Transcribe the listing verbatim. Do not carry over any pictures.

:::::

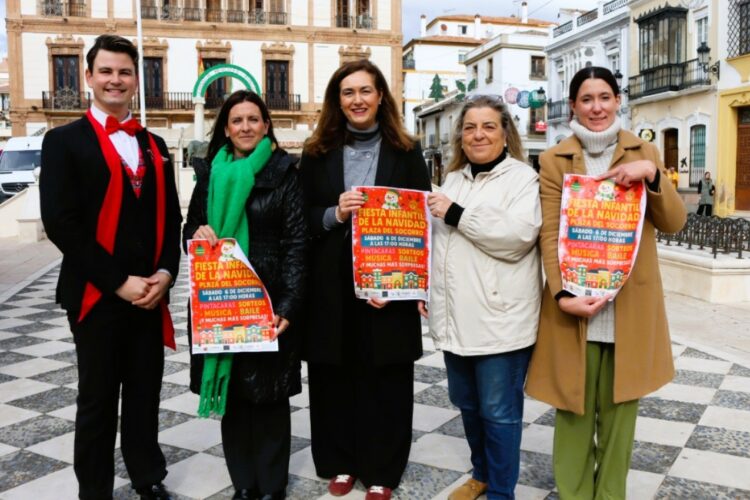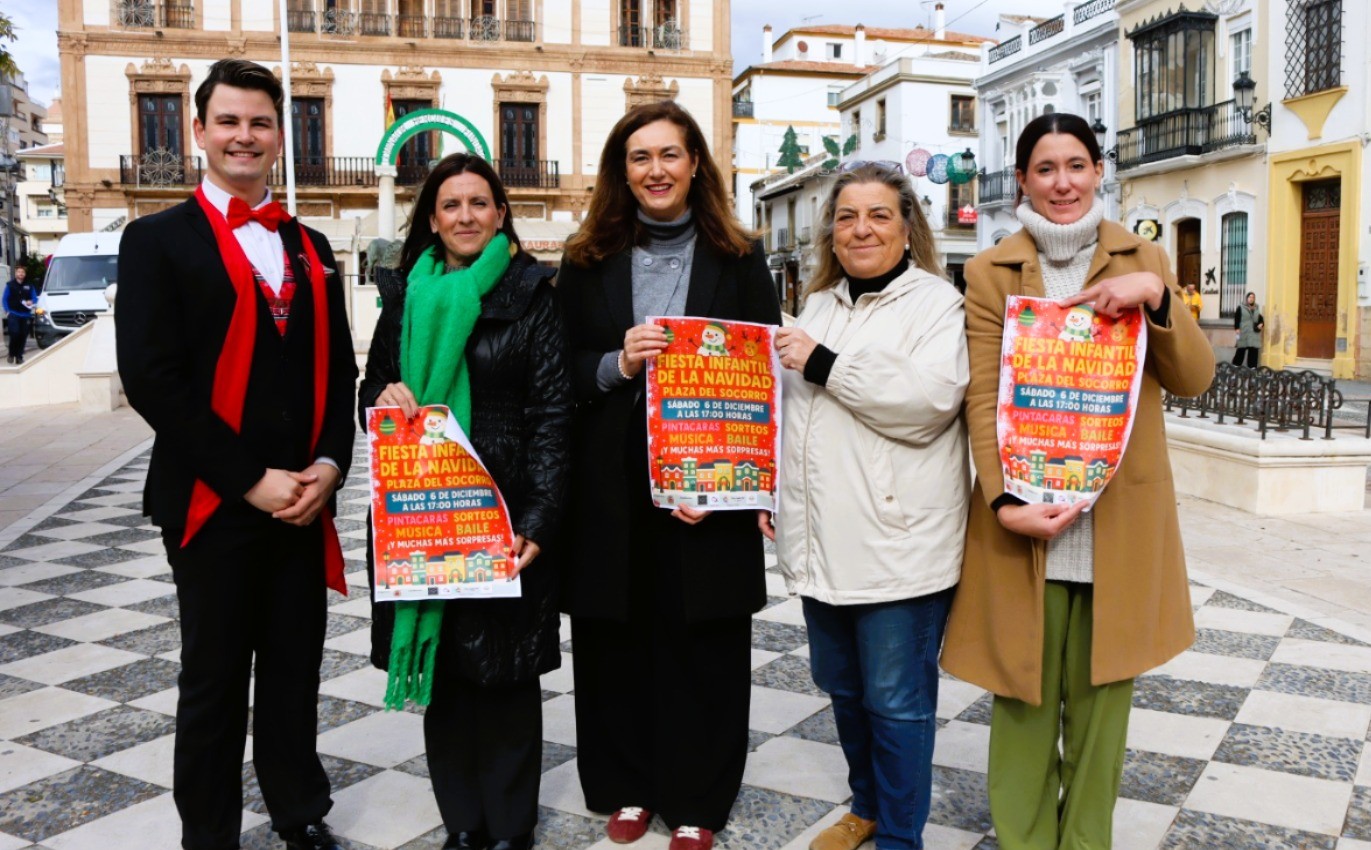 Las delegadas municipales de Cultura y Derechos Sociales, Rebeca Muñoz y Cristina Durán, respectivamente, han presentado hoy la fiesta infantil de Navidad que se desarrollará este próximo sábado en la plaza del Socorro, a partir de las 17.00 horas. Junto a ellas han estado presentes el director del Centro de Artes Escénicas ‘Entre Bambalinas’, Ángel Manzano; la presidenta de Solidari@s en Ronda, Pepi Chito; y Andrea Campos, de ‘La Madriguera’. También participará en este evento la academia de baile Double Gyro y la Presidenta y las Damas Goyescas, Milagros Naranjo y el resto de la jóvenes.
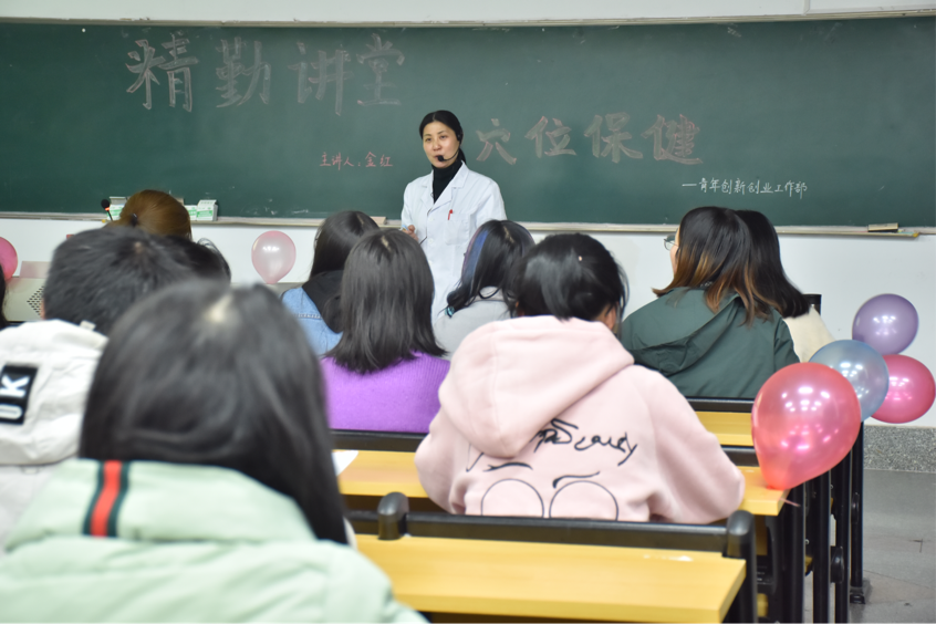 3月15日晚7点,由我院团委青年创新创业工作部主办的精勤讲堂之穴位保健讲座于勤医楼八教室举行。金红教授担任此次活动主讲人,我院16-18级学生参与此次活动。
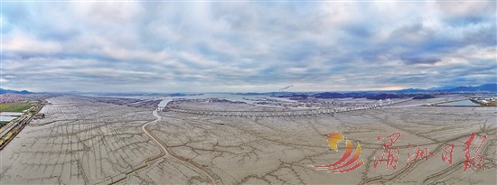 11月28日,在城厢区东海镇近海,潮水退去,广袤的滩涂与天空、远山相映,勾勒出一幅充满生态活力的滨海图景。全媒体记者 杨屹 杨洲 摄
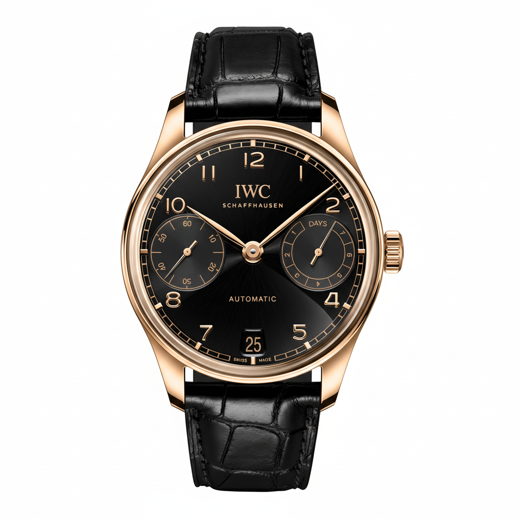The origins of the Portugieser date back to the late 1930s, when IWC Schaffhausen used a high-precision pocket watch movement to create a distinctively large wristwatch with chronometer precision. First introduced in 2000, the Portugieser Automatic 42 features an open, balanced dial, with a power reserve indicator at 3 o’clock and the small seconds positioned on the opposite side at 9 o’clock.
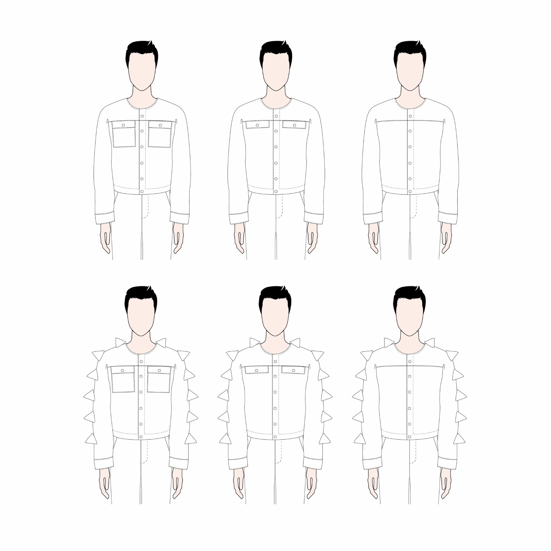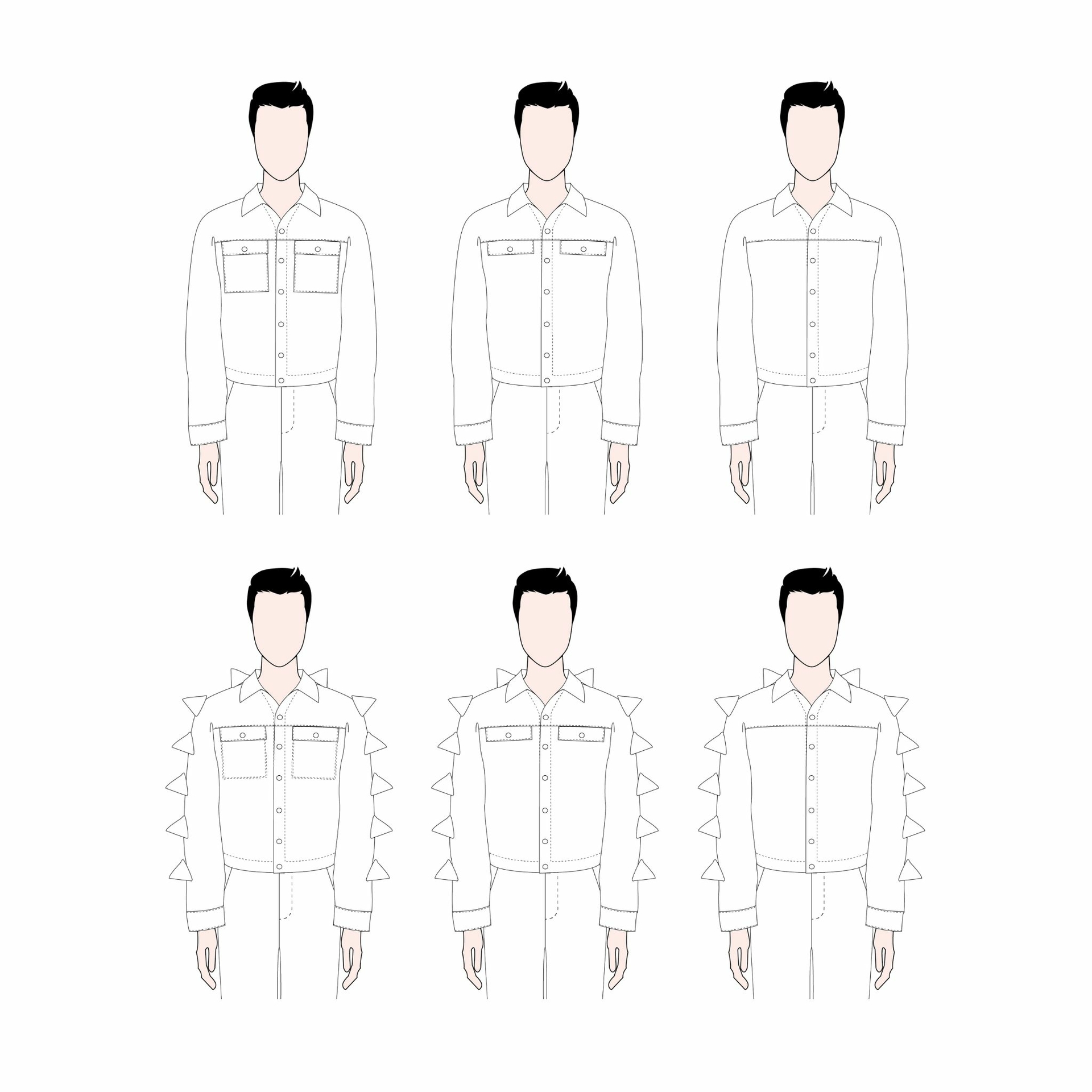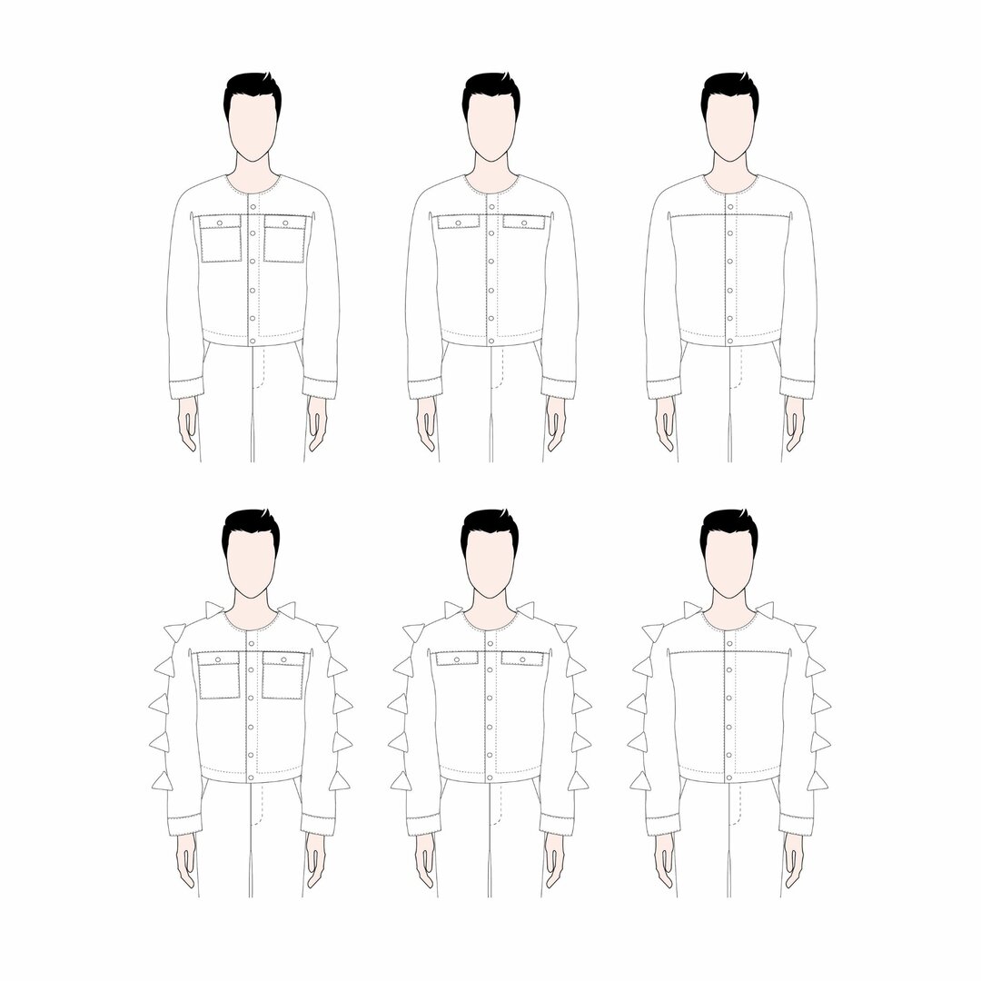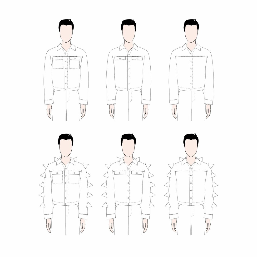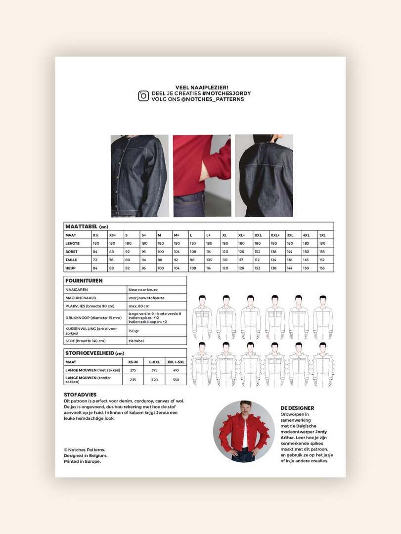 We sloegen de handen in elkaar met de Belgische modeontwerper Jordy Arthur om een echt statement jacket te creëren, met opvallende details zoals verwijderbare spikes en een opvallend raglanmouw die met een geïncrusteerde hoek overloopt in het plat stuk. Dankzij de eindeloze afwerkingsmogelijkheden is Jordy jouw favoriete jas om te combineren en je persoonlijke stijl te laten spreken. Dit patroon is gegradeerd in mannenmaten.
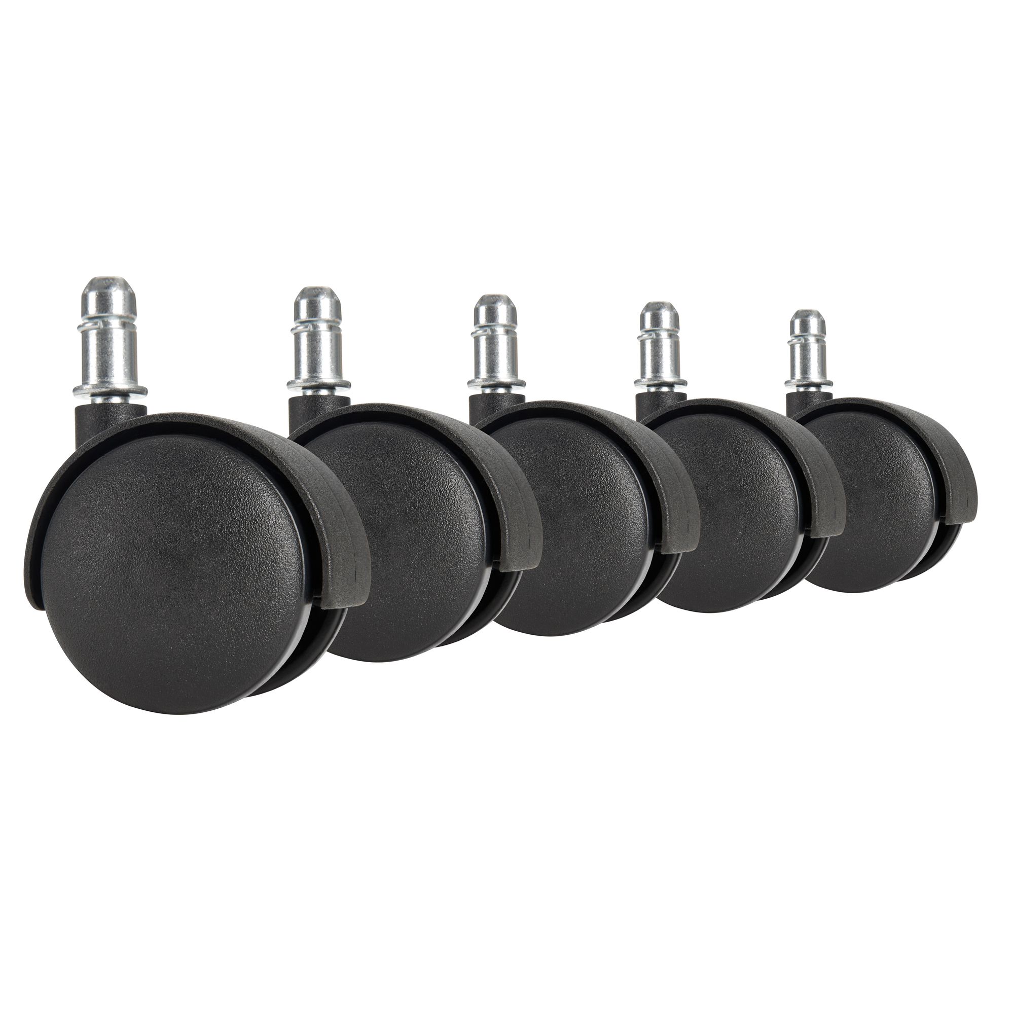 AMSTYLE 5er Set leichtgängige Hartbodenrollen für Bürostuhl 11 mm Stift / Durchmesser 50 mm | Schwar
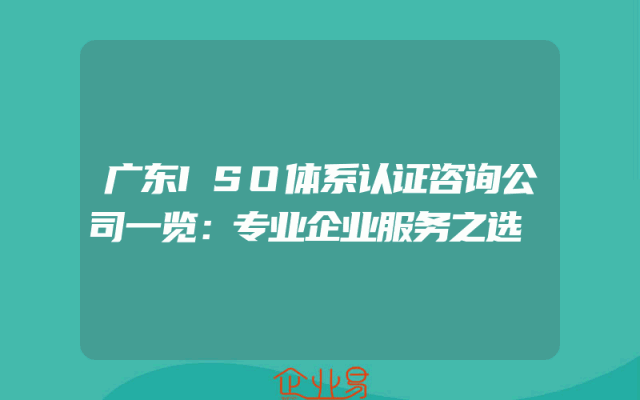 - 广东ISO体系认证咨询公司一览:专业企业服务之选
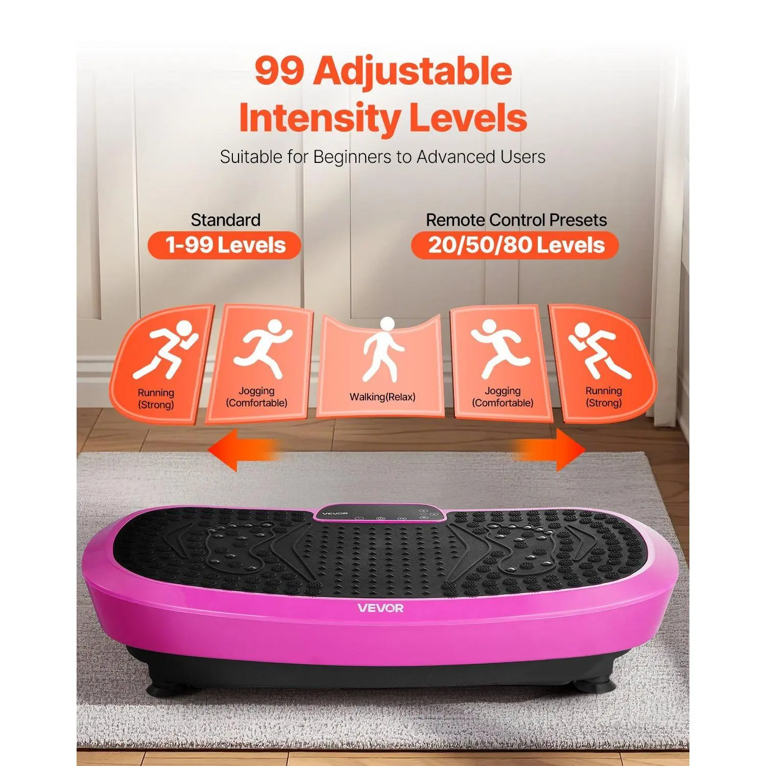The vibrating plate has 99 adjustable modes for all fitness levels, including a "strong running - comfortable jogging - relax walking" cycle.Whether you're a beginner or an advanced user, you can choose from 1-99 settings or quickly switch to preset modes of 20/50/80 via the remote control.
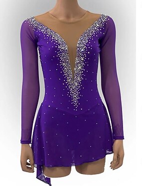 abito da pattinaggio artistico, abito da pattinaggio sul ghiaccio da donna e da ragazza, viola, schiena scoperta, orlo asimmetrico, maglia ad alta elasticità, abbigliamento da pattinaggio per
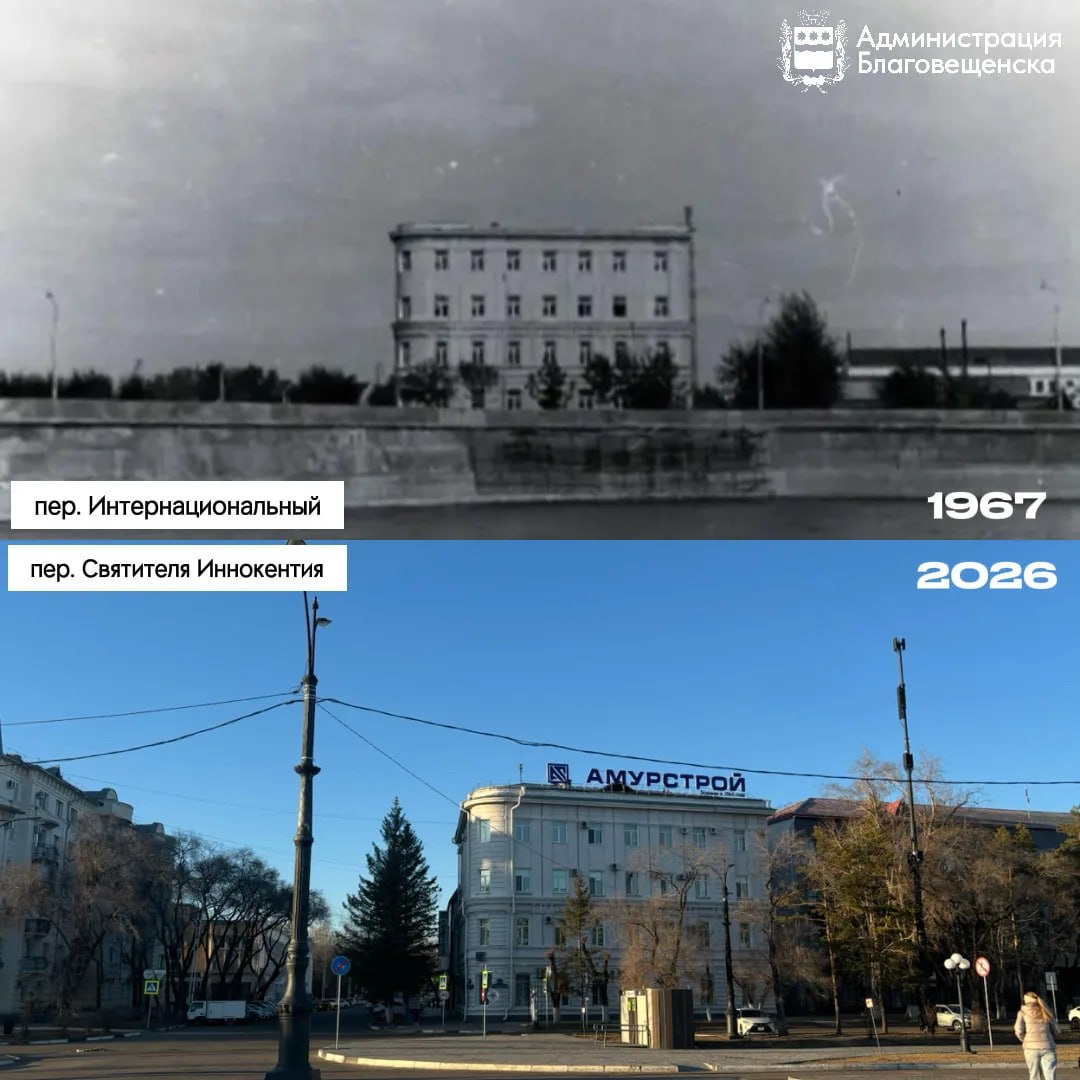 На нашем фото — вид на переулок Святителя Иннокентия со стороны Амура. Снимок сделан в 1967 году, тогда переулок назывался Интернациональным. В честь одного из основателей нашего города его назвали только в 1997 году. Любопытно, что изначально он был «американским», так как здесь находилась первая в Амурской области американская торговая фирма.
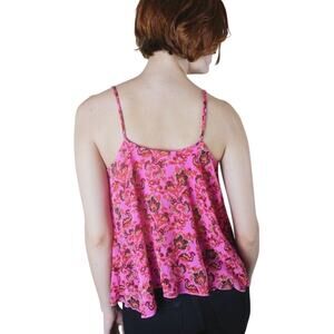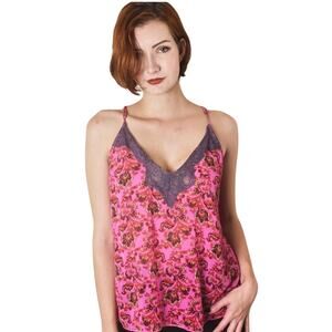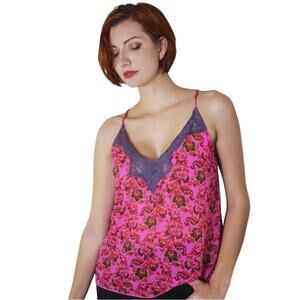 - Bright pink floral lightweight camisole from Free People with lavender lace detailing.

:::::

- Result of the task
 Las delegadas municipales de Cultura y Derechos Sociales, Rebeca Muñoz y Cristina Durán, respectivamente, han presentado hoy la fiesta infantil de Navidad que se desarrollará este próximo sábado en la plaza del Socorro, a partir de las 17.00 horas. Junto a ellas han estado presentes el director del Centro de Artes Escénicas ‘Entre Bambalinas’, Ángel Manzano; la presidenta de Solidari@s en Ronda, Pepi Chito; y Andrea Campos, de ‘La Madriguera’. También participará en este evento la academia de baile Double Gyro y la Presidenta y las Damas Goyescas, Milagros Naranjo y el resto de la jóvenes.
 3月15日晚7点,由我院团委青年创新创业工作部主办的精勤讲堂之穴位保健讲座于勤医楼八教室举行。金红教授担任此次活动主讲人,我院16-18级学生参与此次活动。
 11月28日,在城厢区东海镇近海,潮水退去,广袤的滩涂与天空、远山相映,勾勒出一幅充满生态活力的滨海图景。全媒体记者 杨屹 杨洲 摄
The origins of the Portugieser date back to the late 1930s, when IWC Schaffhausen used a high-precision pocket watch movement to create a distinctively large wristwatch with chronometer precision. First introduced in 2000, the Portugieser Automatic 42 features an open, balanced dial, with a power reserve indicator at 3 o’clock and the small seconds positioned on the opposite side at 9 o’clock.
 We sloegen de handen in elkaar met de Belgische modeontwerper Jordy Arthur om een echt statement jacket te creëren, met opvallende details zoals verwijderbare spikes en een opvallend raglanmouw die met een geïncrusteerde hoek overloopt in het plat stuk. Dankzij de eindeloze afwerkingsmogelijkheden is Jordy jouw favoriete jas om te combineren en je persoonlijke stijl te laten spreken. Dit patroon is gegradeerd in mannenmaten.
 AMSTYLE 5er Set leichtgängige Hartbodenrollen für Bürostuhl 11 mm Stift / Durchmesser 50 mm | Schwar
 - 广东ISO体系认证咨询公司一览:专业企业服务之选
The vibrating plate has 99 adjustable modes for all fitness levels, including a "strong running - comfortable jogging - relax walking" cycle.Whether you're a beginner or an advanced user, you can choose from 1-99 settings or quickly switch to preset modes of 20/50/80 via the remote control.
 abito da pattinaggio artistico, abito da pattinaggio sul ghiaccio da donna e da ragazza, viola, schiena scoperta, orlo asimmetrico, maglia ad alta elasticità, abbigliamento da pattinaggio per
 На нашем фото — вид на переулок Святителя Иннокентия со стороны Амура. Снимок сделан в 1967 году, тогда переулок назывался Интернациональным. В честь одного из основателей нашего города его назвали только в 1997 году. Любопытно, что изначально он был «американским», так как здесь находилась первая в Амурской области американская торговая фирма.
 - Bright pink floral lightweight camisole from Free People with lavender lace detailing.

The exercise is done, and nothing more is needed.